As you can read already there’s a shit-ton of stuff going on in this film, and I firmly believe that had the scope of this movie been narrowed just a bit, it could have been great–and by “great”, I mean Sam Raimi’s Spiderman 2great. The heart of this movie much like the first one are the relationships of the core characters. This is where Marc Webb’s relationship expertise (i.e. 500 days of Summer) comes in and shines. The chemistry between Garfield and Stone is (no pun intended) amazing, and the story gives you plenty of time with them. Their scenes will push your emotions all over the place and ultimately are the backbone (pun intended, you’ll see) of the film. DeHaan’s portrayal of Harry Osborn will make you immediately forget that other guy who portrayed him in the Sam Raimi trilogy, but sadly, you’re only given two scenes with him and Peter together.

In my opinion had they cut out the Electro plot-line all together and given that screen time to Peter and Harry this movie (especially the ending) would have had much more weight.

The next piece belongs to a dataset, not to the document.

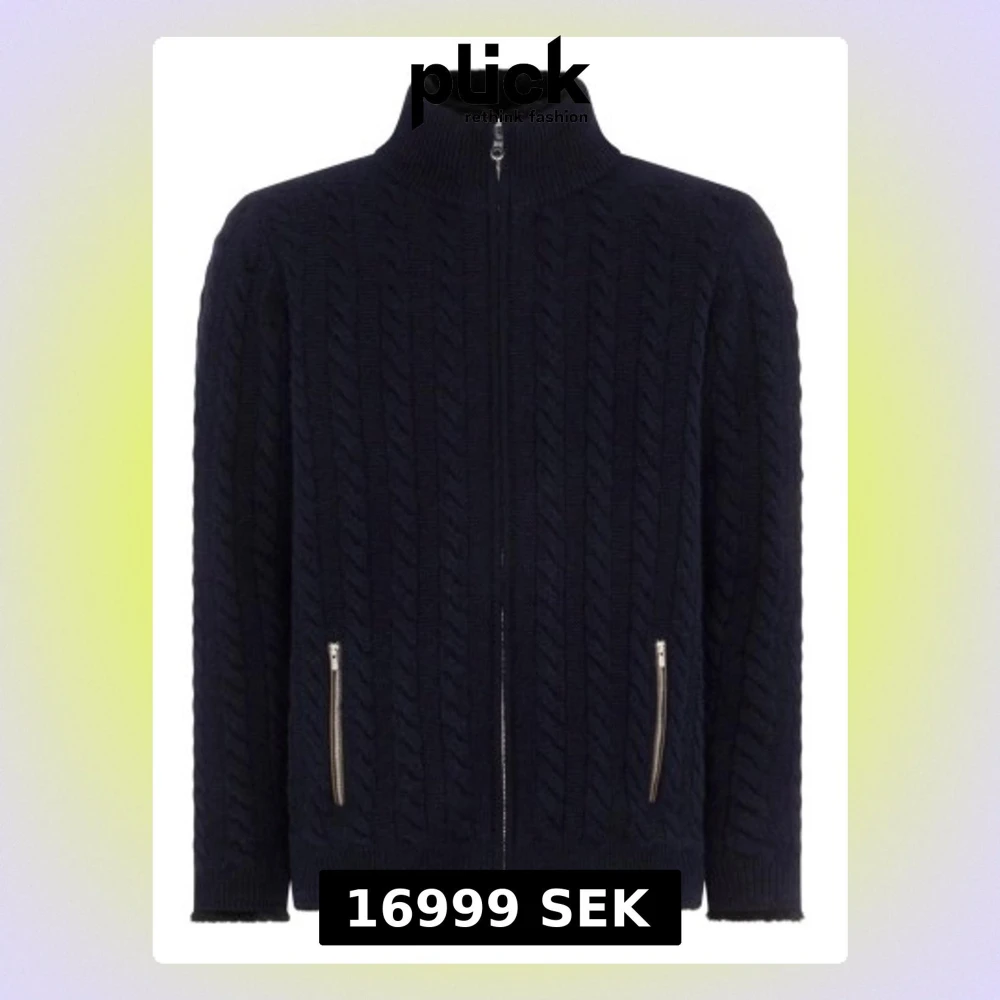 Exklusiv mörkblå kabelstickad Jacka från N.Peal med dragkedja framtill och två fickor med silverfärgade dragkedjor. Insidan har mjukt foder längs kragen för extra komfort. Perfekt för dig som gillar stilrena och lyxiga plagg.

Speaking of Electro, while I love Jamie Foxx, his character is nothing more than a bad version of Jim Carrey’s Riddler, and an excuse for some impressive but ultimately superfluous CG action sequences. The supporting cast of this movie does fine, but the scene with Sally Field and Andrew Garfield is gut-wrenching and wonderful to watch.

Another highlight of the film is the damn-near seamless CG. There is a Spidey swinging sequence towards the opening of the film that for a second convinced me that someone was actually swinging around the city with a GoPro attached to them. It was “Impressive, most impressive”. The Electro/Spidey battles were equally impressive, but when it came to close quarters combat with Harry (at no time is he referred to as The Green Goblin) the seams showed a little bit, but didn’t distract too much from the action.

The only thing left to comment on is the ginormous spoiler that takes place towards the end of the movie. I won’t spoil it for you, but I will say that I was surprised to see it and glad it was there showing us even more of Marc Webb’s emotional touch.

The Amazing Spider-Man 2 has a LOT of problems, but the performance of the core characters makes up for them and provides you with a very entertaining film that’s swings miles ahead of its first effort.

Go out, see it with confidence and enjoy.